In yesterday’s newsletter, we asked you for your assessment of menopausal hormone replacement therapy (HRT).

  • A little over a third said “It can be medically beneficial, but has some minor drawbacks”
  • A little under a third said “It helps, but at the cost of increased cancer risk; not worth it”
  • Almost as many said “It’s a wondrous cure-all that makes you happier, healthier, and smell nice too”
  • Four said “It is a dangerous scam and a sham; “au naturel” is the way to go”

So what does the science say?

Which HRT?

One subscriber who voted for “It’s a wondrous cure-all that makes you healthier, happier, and smell nice too” wrote to add:

❝My answer is based on biodentical hormone replacement therapy. Your survey did not specify.❞

And that’s an important distinction! We did indeed mean bioidentical HRT, because, being completely honest here, this European writer had no idea that Premarin etc were still in such wide circulation in the US.

So to quickly clear up any confusion:

  • Bioidentical hormones: these are (as the name suggests) identical on a molecular level to the kind produced by humans.
  • Conjugated Equine Estrogens: such as Premarin, come from animals. Indeed, the name “Premarin” comes from “pregnant mare urine”, the substance used to make it.

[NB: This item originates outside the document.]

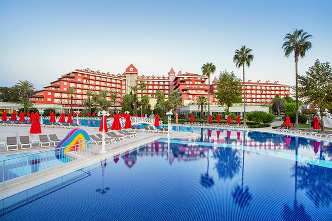 Gerai vertinamas 5* viešbutis, apsuptas sodo, įsikūręs šalia smėlio paplūdimio. Elegantiškas ir stilingas interjeras, šviesūs numeriai, erdvi teritorija. Svečiai gali rinktis tarp 6 barų ir 5 restoranų, kuriuose yra patiekiami skanūs pasaulio virtuvės patiekalai. Viešbutyje yra vandens parkas su 8 kalneliais, SPA centras, kuriame už papildomą mokestį galima mėgautis sveikatingumo paslaugomis. Siūloma daug pramogų tiek suaugusiems, tiek vaikams. Organizuojamos aktyvios, sportinės pramogos, vyksta šokių šou, gyvos muzikos pasirodymai, karaoke vakarai, diskotekos. Mažiesiems yra įrengti keli mini klubai, žaidimų aikštelė bei žaidimų kambarys, 2 atskiri baseinai. Viešbutis puikiai tiks atostogoms su šeima. Viešbutyje viešėjusių svečių atsiliepimus rasite čia: Tripadvisor komentarai »

There are also hormone analogs, such as medroxyprogesterone acetate, which is a progestin and not the same thing as progesterone. Hormone analogs such as the aforementioned MPA are again, a predominantly-American thing—though they did test it first in third-world countries, after testing it on animals and finding it gave them various kinds of cancer (breast, cervical, ovarian, uterine).

A quick jumping-off point if you’re interested in that:

Depot medroxyprogesterone acetate and the risk of breast and gynecologic cancer

this is about its use as a contraceptive (so, much lower doses needed), but it is the same thing sometimes given in the US as part of menopausal HRT. You will note that the date on that research is 1996; DMPA is not exactly cutting-edge and was first widely used in the 1950s.

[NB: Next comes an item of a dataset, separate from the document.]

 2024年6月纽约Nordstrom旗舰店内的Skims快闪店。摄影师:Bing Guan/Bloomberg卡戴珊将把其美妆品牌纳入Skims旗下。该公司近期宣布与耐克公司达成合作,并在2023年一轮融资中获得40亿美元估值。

Similarly, CEEs (like Premarin) have been used since the 1930s, while estradiol (bioidentical estrogen) has been in use since the 1970s.

In short: we recommend being wary of those older kinds and mostly won’t be talking about them here.

Bioidentical hormones are safer: True or False?

True! This is an open-and-shut case:

❝Physiological data and clinical outcomes demonstrate that bioidentical hormones are associated with lower risks, including the risk of breast cancer and cardiovascular disease, and are more efficacious than their synthetic and animal-derived counterparts.

Until evidence is found to the contrary, bioidentical hormones remain the preferred method of HRT. ❞

Further research since that review has further backed up its findings.

Source: Are Bioidentical Hormones Safer or More Efficacious than Other Commonly Used Versions in HRT?

So simply, if you’re going on HRT (estrogen and/or progesterone), you might want to check it’s the bioidentical kind.

HRT can increase the risk of breast cancer: True or False?

Contingently True, but for most people, there is no significant increase in risk.

First: again, we’re talking bioidentical hormones, and in this case, estradiol. Older animal-derived attempts had much higher risks with much lesser efficaciousness.

There have been so many studies on this (alas, none that have been publicised enough to undo the bad PR in the wake of old-fashioned HRT from before the 70s), but here’s a systematic review that highlights some very important things:

❝Estradiol-only therapy carries no risk for breast cancer, while the breast cancer risk varies according to the type of progestogen.

Estradiol therapy combined with medroxyprogesterone, norethisterone and levonorgestrel related to an increased risk of breast cancer, estradiol therapy combined with dydrogesterone and progesterone carries no risk❞

In fewer words:

  • Estradiol by itself: no increased risk of breast cancer
  • Estradiol with MDPA or other progestogens that aren’t really progesterone: increased risk of breast cancer
  • Estradiol with actual progesterone: back to no increased risk of breast cancer

Source: Estradiol therapy and breast cancer risk in perimenopausal and postmenopausal women: a systematic review and meta-analysis

So again, you might want to make sure you are getting actual bioidentical hormones, and not something else!

However! If you are aware that you already have an increased risk of breast cancer (e.g. family history, you’ve had it before, you know you have certain genes for it, etc), then you should certainly discuss that with your doctor, because your personal circumstances may be different:

❝Tailored HRT may be used without strong evidence of a deleterious effect after ovarian cancer, endometrial cancer, most other gynecological cancers, bowel cancer, melanoma, a family history of breast cancer, benign breast disease, in carriers of BRACA mutations, after breast cancer if adjuvant therapy is not being used, past thromboembolism, varicose veins, fibroids and past endometriosis.

Relative contraindications are existing cardiovascular and cerebrovascular disease and breast cancer being treated with adjuvant therapies❞

Source: HRT in difficult circumstances: are there any absolute contraindications?

HRT makes you happier, healthier, and smell nice too: True or False?

Contingently True, assuming you do want its effects, which generally means the restoration of much of the youthful vitality you enjoyed pre-menopause.

The “and smell nice too” was partly rhetorical, but also partly literal: our scent is largely informed by our hormones, and higher estrogen results in a sweeter scent; lower estrogen results in a more bitter scent. Not generally considered an important health matter, but it’s a thing, so hey.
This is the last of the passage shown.